Intelligent Approximation of the C-Space in Motion Planning

GRAND Seminar Friday, October 12th, 11 am, Room: 4201

Chinwe Ekenna
Assistant Professor
Computer Science
University at Albany, SUNY

Abstract:

With the continuous improvement of the capabilities of robots and the increasing complexity of the environments they successfully traverse, my research is geared towards the investigation of mathematical concepts and algorithms about the heterogeneous nature of these environments within the context of motion planning. My research will look into existing properties about planning spaces such as visibility, expansiveness and homotopy class and how they can be generalized within the context of heterogeneous spaces. We will also introduce new properties that specifically better define heterogeneous properties. We have recently developed an algorithm called the Rapidly Exploring Random Search Explorer (RESE), which extends ideas from Rapidly-exploring Random Graphs (RRGs) and includes a Q-learning machine learning technique to help track witness nodes of successful trajectories while also attempting connections in narrow regions by considering multiple directions.

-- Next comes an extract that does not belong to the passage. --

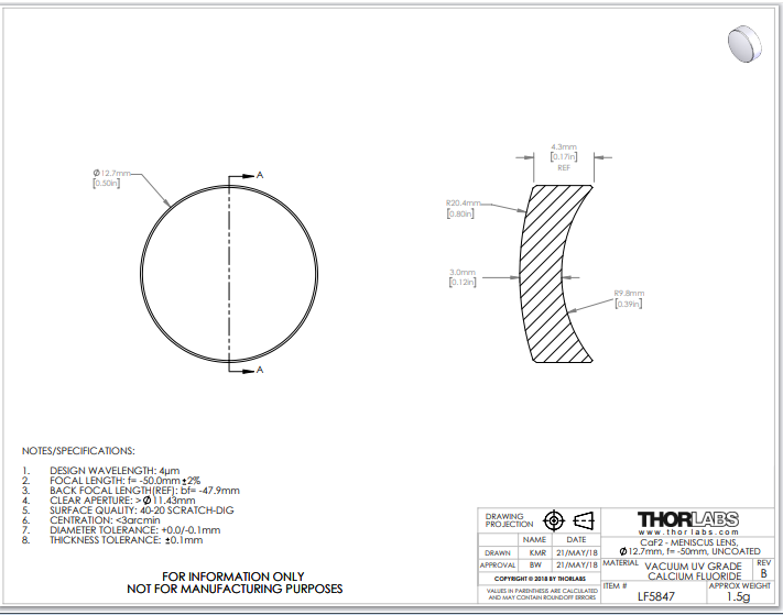 Thorlabs索雷博 LF5847 负弯月透镜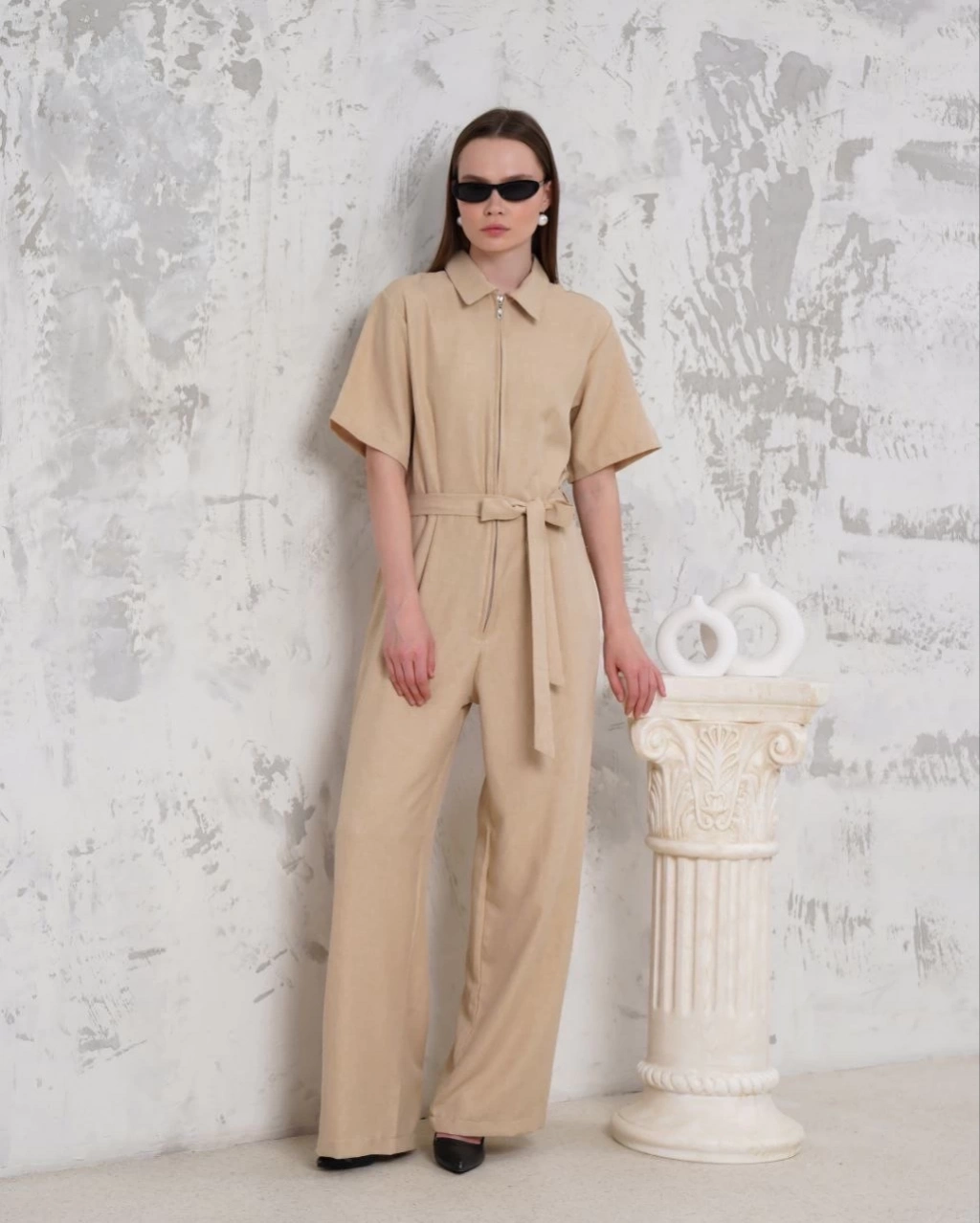 Kuşaklı gömlek yaka salaş tulum bej s255822

These algorithms are built within the framework of a sampling-based motion planning which includes a group of algorithms that sample random points in the environment. My research has the potential to change the way planning spaces are planned and help intelligently define how algorithms are built and utilized given any environment.

Short Bio:

Dr. Ekenna’s research centers on intelligent motion planning applied to robotics and proteins. She has explored intelligent adaptation of robotic motion planning to improve planning time and the utilization of available methods to improve overall quality of results. Her research interest includes Robotics, Machine learning, and Computational Biology.